Hany Abdel Gawad El-Banna OBE (born 9 December 1950) is the co-founder of Islamic Relief, an international Muslim relief and development NGO established in 1984 in Birmingham, United Kingdom.

== Early life and education ==
Born in Egypt, El-Banna completed his MBBCh Medicine at Al Azhar University, Cairo, where he also obtained a Diploma in Islamic Studies in 1976.  El-Banna was awarded the Hamilton Bailey Prize in Medicine at City hospital (previously known as Dudley Road) in 1981, Birmingham UK. He then went on to further his medical training and completed a Doctorate of Medicine (MD) in foetal pathology from the University of Birmingham Medical School in 1991.

== Islamic Relief ==
In 1983, El-Banna attended a medical conference in Sudan during a time of famine in the region. The poverty and desperation he witnessed compelled him to return to the UK and raise funds from family to aid relief efforts.

This led to the foundation of Islamic Relief in January 1984 as an organisation to help people in need. Over the following 24 years, Dr El-Banna visited over 70 countries as part of his role leading Islamic Relief. He permanently left medicine to dedicate all his time to Islamic Relief in 1995.

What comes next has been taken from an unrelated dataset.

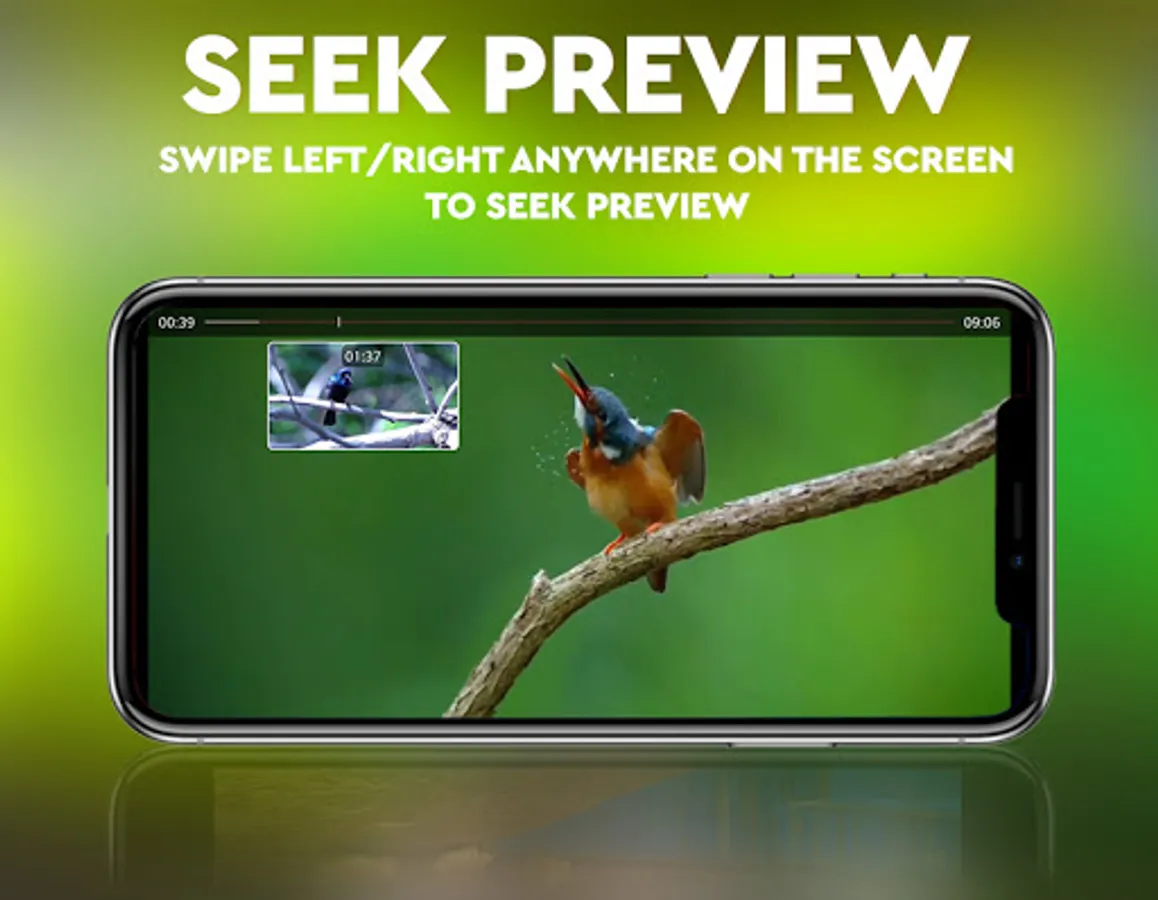 - Seek preview, that is, ability to preview the video frame before actually seeking to it without interrupting your video viewing experience as you swipe left/right on any area of the screen or drag the seek handle.

During his time at the organisation Dr El-Banna worked on raising funds and advocating hundreds of humanitarian causes including for the victims of the genocide in Bosnia, floods and earthquakes in Pakistan and Bangladesh and the Indian Ocean tsunami in 2004.

Additionally, Dr El-Banna oversaw the first government funding for a Muslim faith-based organisation and the inclusion of the organisation to the Disasters Emergency Committee, to date the only Muslim organisation to be a member.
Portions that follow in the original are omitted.